Throughout history, especially during the holiday season, many essays have been written about gratitude. It is likely only second to love as a popular topic of reflection. There is good reason, and I hope you will humor me as I add to the “gratitude essays” collection. Like love, gratitude changes the perspective of life. When you are in love, colors seem more vibrant, music sounds more melodious, and your thoughts tend to linger on things of beauty and loveliness. Couples married for many decades will often tell you that they are more in love today than they were on the day of their wedding. Being in love often leads you to love with your whole being. It changes you.
The same is true for gratitude. When you decide (and it is a conscious choice) to view life through the lens of gratitude, like being in love, your world takes on a new vibrancy. Rather than looking around you and noticing all the things you don’t possess, you give thanks for every little thing you have earned or been given. Instead of seething with jealousy over what others have, you genuinely celebrate their good fortune and wish them continued success in the future. In other words, rather than seeing every situation in life as a “glass half empty” or “glass half full” moment, you see them as opportunities to be thankful for the glass and whatever it contains at the moment.
Schools today spend billions of dollars on Social Emotional Learning (SEL) programs designed to “build relationship skills, manage emotions, and show empathy”, among other things. According to several studies, the education system could save a lot of time and money if it simply cultivated a sense of gratitude in students. An article in Harvard Health states, “With gratitude, people acknowledge the goodness in their lives. In the process, people usually recognize that the source of that goodness lies at least partially outside themselves. As a result, being grateful also helps people connect to something larger than themselves as individuals — whether to other people, nature, or a higher power.” Since feelings of disconnectedness and isolation are overwhelming problems among students today, it seems appropriate to encourage and promote gratitude as a viable solution.
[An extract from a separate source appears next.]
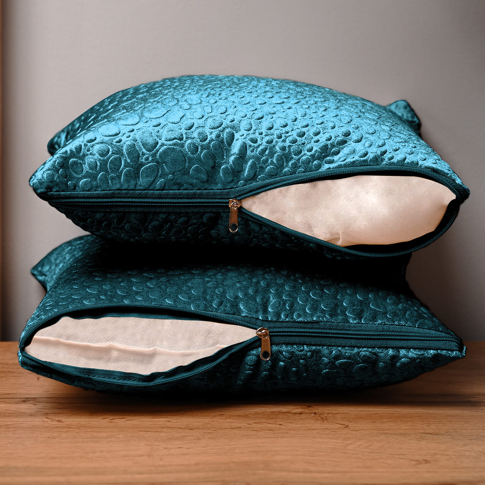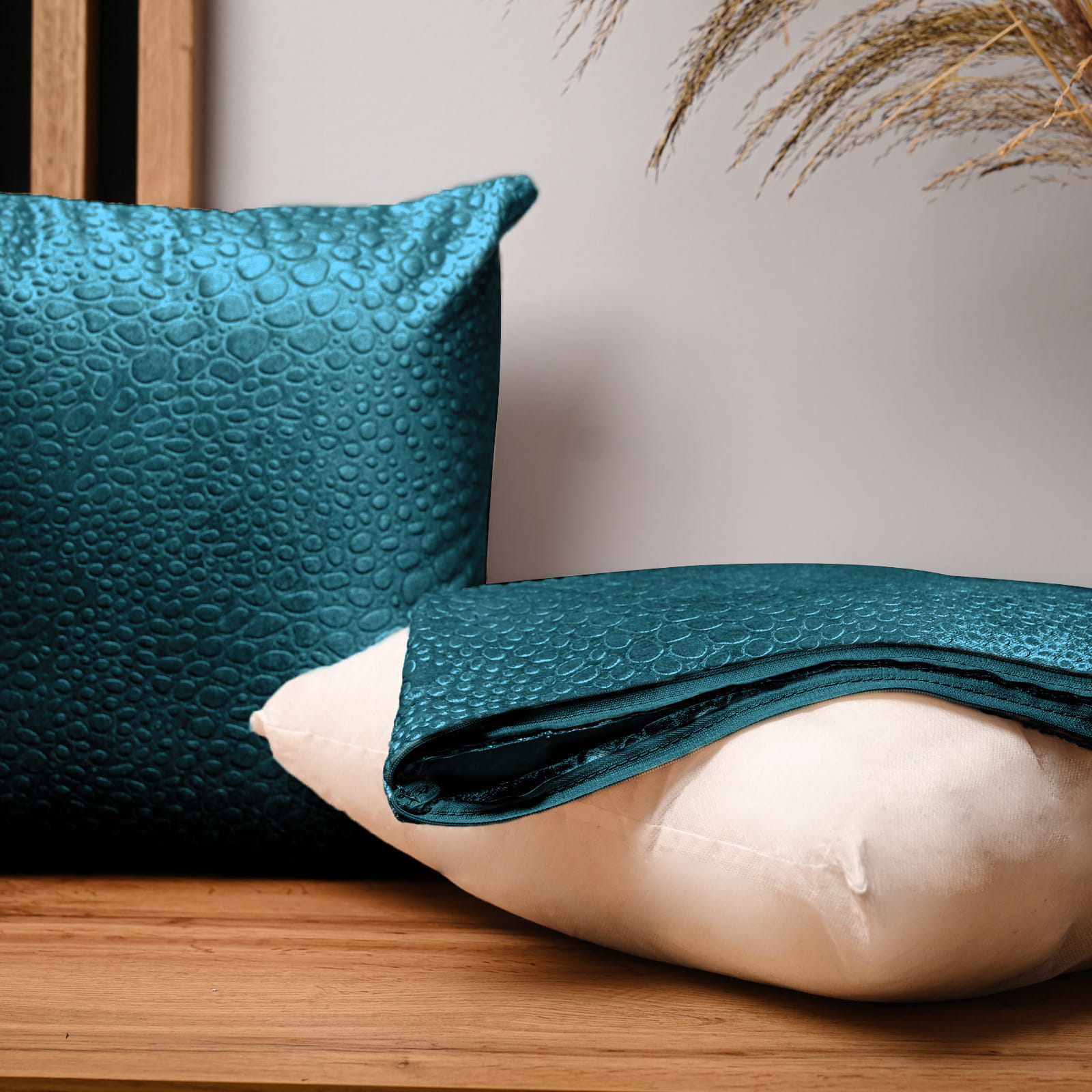 Dekorační povlak na polštář 30x30 cm z tyrkysové velurové látky s texturou „kapek“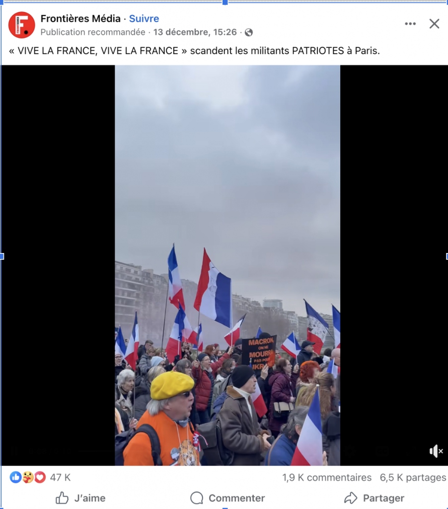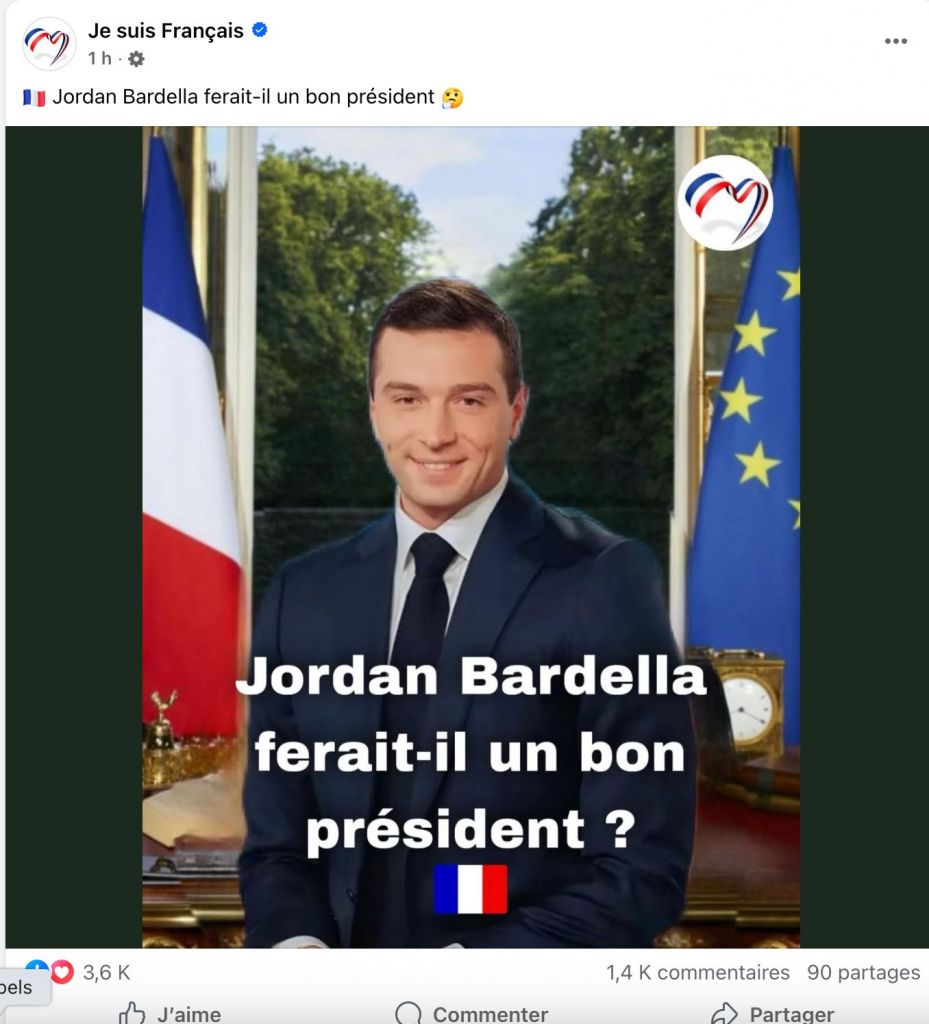 S’ajoutent à cela d’autres médias plus orientés ou controversés comme Cerfia, Frontières ou TV Libertés. Le premier est un compte X à l’origine, devenu une marque média rachetée par l’entrepreneur milliardaire et financeur d’influenceurs catholiques et suprémacistes Pierre-Édouard Stérin. Le deuxième est un magazine et une chaîne YouTube orientés à l’extrême droite, dont le travail est plus proche de l’agit-prop (une forme de propagande visant à influencer les opinions politiques) que du journalisme. Le troisième est une web TV et un compte YouTube lancés par Philippe Milliau, ancien dirigeant du mouvement d’extrême droite Bloc identitaire. Facebook propose aussi des contenus postés par des pages plus « exotiques » comme « Fiers d’être Français » (357 000 abonnés) ou « Je suis Français » (1,2 million d’abonnés), dont les publications sont surtout composées de mèmes identitaires et de posts à la gloire de Jordan Bardella.

While the researchers admit that it is challenging to draw a direct connection between expressing gratitude and personal happiness, “most of the studies published on this topic support an association between gratitude and an individual's well-being.” Not surprisingly, when gratitude is shown toward individuals, it also has an impact on the recipient’s contentment and overall disposition as well.
Most of the SEL programs used in schools have a strong emphasis on self-reflection and feelings. Rather than cultivating gratitude, those tend to cultivate an attitude of narcissism and entitlement. They direct students to think a lot about what has “been done to them” rather than what has been “done for them”. Things like “morning check-ins” place the focus on themselves rather than others. While a certain amount of self-reflection is healthy in the proper setting, spending so much time daily focusing on themselves and their feelings (which are always fluctuating) limits students’ ability to see others through a lens of humble gratitude. In the wise words of C.S. Lewis, “Humility is not thinking less of yourself, it's thinking of yourself less.” Imagine how different the day would begin if the “morning meeting” was focused on giving gratitude for something or someone who made a positive difference in the past 24 hours rather than reflecting on the negatives of what someone did to you or something that happened to you.
Ask anyone who has decided to view the world through a lens of gratitude and, like the couples celebrating decades of marriage, they will likely tell you they grow more grateful every day for the things and people in their lives. Choosing to be grateful makes you full of gratitude. It changes you for the better, which is something to be grateful for.